Generally when we talk about bond pricing we also include other fixed income investments.  Thus this section would be more aptly named Stock and Fixed income valuation.  But for tradition we won't complain ;-)

Bond pricing is fairly easy.  From the provisions in the bond contract (or bond covenant as it is often called) we have a decent idea of what the cash flows will be and when they will occur.  Of course there is the risk of default which is why information asymmetries are more important for lower rated bonds.
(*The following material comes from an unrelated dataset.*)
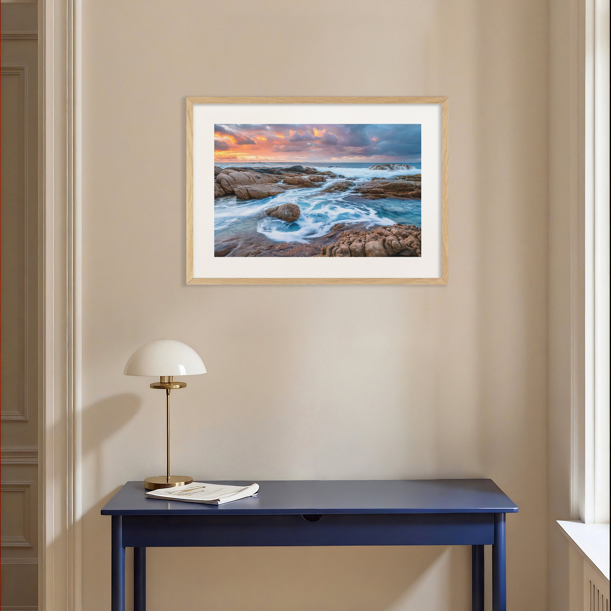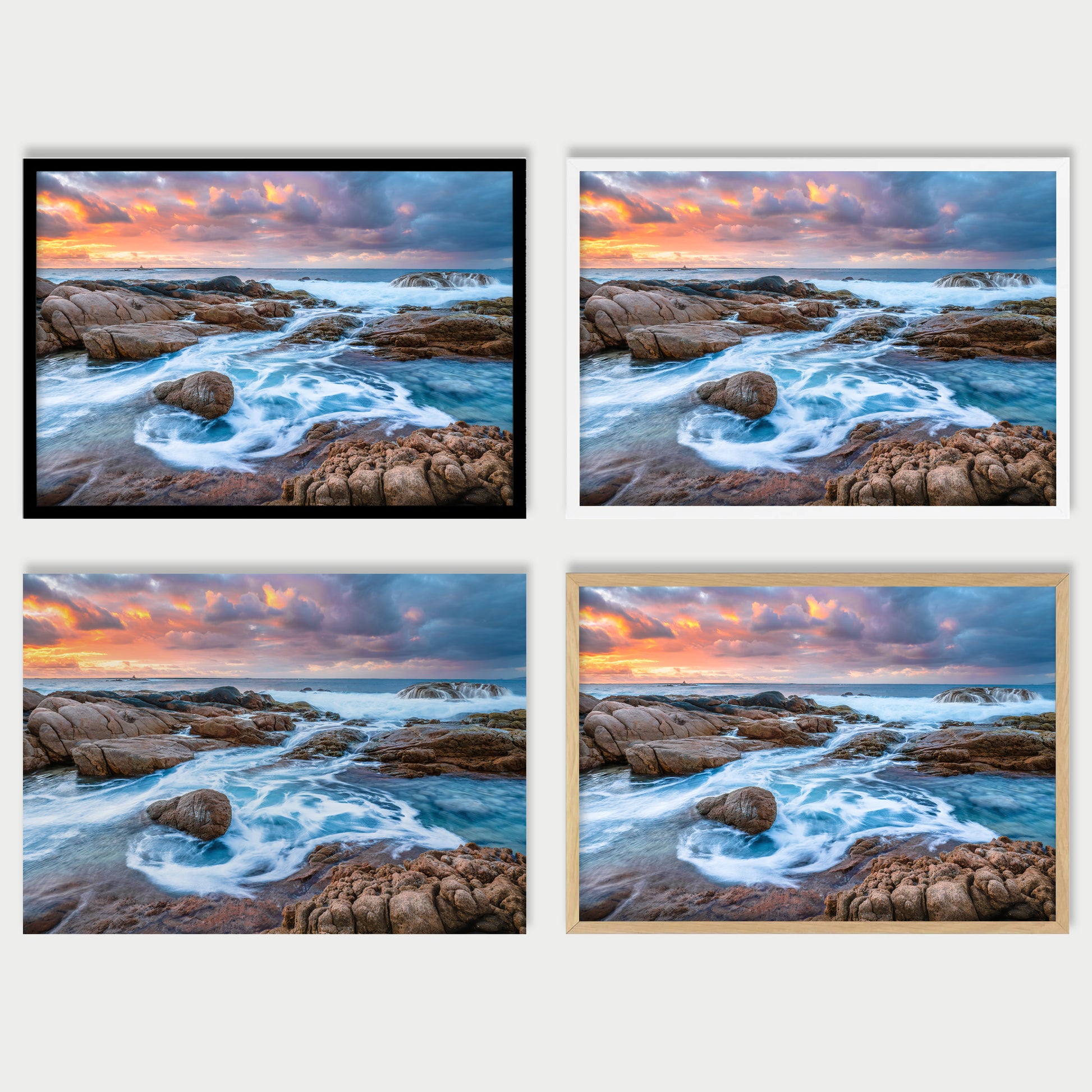 Handcrafted wooden frames available in Black, Natural Oak, or White.

Assuming no default for a moment, bond pricing is almost entirely a function of interest rates.
For a straight coupon bond, break the cash flows into an annuity and a lump sum.   These can be priced separately and then added back together to calculate the total bond value.
 

Example:
Suppose a 5 year bond pays an 6% annual coupon.  This 6% refers to the interest payments and is calculated as a percentage of par.  Unless otherwise stated, assume the principle value is $1000.  Thus each year you would receive 6% of $1000 which is $60.  In addition in the last year you would receive the original $1000 back.  Further assume that the going rate of interest for such a bond is 7%.  You must find the price of the bond

The timeline of this would be :

 ______________________________
    60    60     60      60        60
                                       1000

The PV of the annuity is
                    $60(PVIFA(7%,5)) = $60*4.1002 = $246.01
The PV of the principle amount is
                    $1000/(1.07)5= 712.99

By adding the two together you get $959
 

Note that it is not coincidence that this bond is selling at a discount (that is below par).  Companies usually try to sell new bonds at par, so if companies are selling new bonds with 7% interest, you would rather buy that than a similarly priced bond with 6% interest.  So to persuade you to buy the lower coupon bond, the price is reduced.  
 

The Wall Street Journal (WSJ) reports bond prices as a % of par.  Hence 102=102% of par which would be $1020.  The bond in the above example would be quoted as 95.9.  You should know how to read bond prices.

Types of Bonds
There are many different types of bonds.  This is to meet the needs of both investors and issuers.  Some of the different types are:

  • Treasury Bonds
  • US Agency Bonds
  • Corporate Bonds
  • Callable bonds
  • Convertible bonds
  • Puttable bonds
  • Floating
  • Fixed
  • Extendables
  • Sr. Debt
  • Jr. Debt
  • Mortgage backed
  • Debentures
  • Income Bond
  • Eurobond
  • Zero Coupon
  • Original Issue Discount Bonds
  • etc.

  • In addition to all of these types of debt instruments, Preferred Stock is usually included as a fixed income security.   The difference between debt and preferred stock is that failure to pay the dividend does not result in bankruptcy.  It should be noted that often in preferred stock the firm must pay any dividends that are arrears before any common dividend can be paid.  Preferred Stock trades very much like debt instruments.  There is much less of an informational asymmetry and price changes with interest rate changes.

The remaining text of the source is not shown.